Why is the term ‘business transformation often absent from expressions of interest (EOI), requests for proposal (RFP) and requests for information (RFI)? Is it because the concept of transformation has been so overused that it has become meaningless? Or because the benefits of previous transformation programmes have rarely been realised? Perhaps it is because organisations which are embracing cloud solutions think that it will be easy to implement, with no change impact.
Today, when organisations talk about implementing cloud solutions for their corporate functions (Finance, HR, IT, Procurement), it seems they are eluding the word ‘transformation’.
Instead, they insist on business drivers which are related to the obsolescence of their existing systems, the end-of-life of their software licences, or the need for modern user interfaces. But there is more to it.
Over the last decade, it made sense that the goal of every major system changes should support a business transformation imperative. Software vendors were claiming that new technology will let you do things in new ways, to deliver services more effectively and efficiently, to unlock potential value.
We have seen this time and time again over the last 10-15 years. Most organisations have been through multiple transformations, business process re-engineering embedded in large ERP programmes. But more often than not, they have struggled to realise the expected Return on Investment (RoI). They have centralised and put in shared services for Finance, HR and other business functions. In some cases, they have outsourced or relocated entire functions offshore. They have genuinely tried to simplify and standardise processes and cut costs. But few have delivered the intended benefits.
One of the main reasons can be summed up in one word: customisation. Organisations’ business processes are still too complex because despite trying they haven’t really standardised. Previous transformations, typically supported by major on premise ERP software, allowed for too much customisation. The result was idiosyncratic carrying complexity due to the inability of the organisation to challenge the status-quo, leading to highly expensive processes and systems to maintain.

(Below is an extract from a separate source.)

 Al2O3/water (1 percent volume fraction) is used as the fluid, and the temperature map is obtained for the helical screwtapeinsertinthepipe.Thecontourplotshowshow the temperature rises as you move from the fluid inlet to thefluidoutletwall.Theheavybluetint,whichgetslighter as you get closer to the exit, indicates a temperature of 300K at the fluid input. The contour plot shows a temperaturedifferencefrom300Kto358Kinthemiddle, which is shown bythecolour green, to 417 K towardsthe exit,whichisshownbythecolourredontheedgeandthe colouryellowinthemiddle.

Nevertheless, in a world of constant disruption, there is a renewed pressure to change from within the organisation, from the board or from shareholders to further optimise corporate functions. It has become easier to quantify organisational performance in relation to their peers and within this context, it is apparent that organisations still need to optimise their corporate functions or in other words to complete their transformation.

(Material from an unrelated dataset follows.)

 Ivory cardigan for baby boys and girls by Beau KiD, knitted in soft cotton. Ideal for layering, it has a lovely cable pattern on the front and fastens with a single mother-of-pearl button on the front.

Here, we could talk about a third wave of transformation after a first wave of ERP on premise implementations – and a second wave of introduction of shared service centres or BPO deals. However, at KPMG, we prefer talking about ‘continuous transformation’.
The good news is that the cost of continuing the transformation job adopting cloud solutions for corporate functions is now only a fraction – as little as one 5th – of earlier projects which could cost $100 million or more. And when systems are configured – not customised – starting with preconfigured prototypes, implementation time is less than a year compared to lengthy previous transformation programmes (2 to 3 years).

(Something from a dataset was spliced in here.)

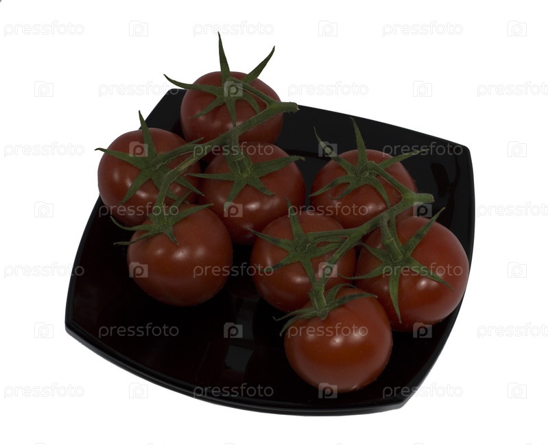 Две ветви красных помидоров на тарелке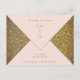 Gold Glitter and Blush Envelope Change the Date. Wedding. Back with Last Names and Wedding.

At KPMG, we believe so and our methodology does away with detailed functional specifications that only a traditional systems integrator would understand. Instead, with KPMG, you see live prototypes, designed around proven best practices, and can have conversations about what really matters from day 1: the real need for change, how to empower your managers with self-service, make better decisions leveraging real-time embedded analytics or help repositioning the corporate function as a strategic partner for the execution of the business strategy
With our KPMG Powered solutions supported by leading cloud-based solutions, organisations get the agility and proven best practices from previous implementations that they need to address their continuous transformations challenges.
With no customisation, upgrades are almost automatic, and every 6 months organisations are somehow ‘forced’ to take advantage of new features released by the software vendors. In reality, this ‘obligation’ to evolve twice a year is a fantastic opportunity to embrace the virtue of continually improving operational performance instead of going through a painful major upgrade every 5 years!
Definitely not! The ongoing challenge many organisations face is change management. Overcoming that is about the conversations to have, about who is in the workshop discussing the E2E solution. There is a crucial need for people with the knowledge, experience and courage to push for standardisation within the organisation and on the implementation partner side.
Because there are changes in multiple dimensions, there is an also important need for people who understand the business function involved, as well as people who can implement a system, and people who can drive change in the organisation. Because of cloud and a ‘zero-tolerance’ for customisation, organisations don’t need a system integrator, they need a business integrator, a partner who can say, for example, “This is best practice, this is what others are doing, these are the roles and responsibilities that should be in place for your target operating model.” Or, “Tell me why you can’t do things in a standard way?” Many earlier transformations failed precisely because the people involved lacked the credibility or maturity to effectively challenge process owners and change the culture.
Finally, as most organisations started to simplify and standardise their corporate functions 15 years ago, the transformation job today seems to be easier today but adopting cloud doesn’t mean an easy road for continuous transformation which will require to rethink operating models. And when people are involved there is always complexity!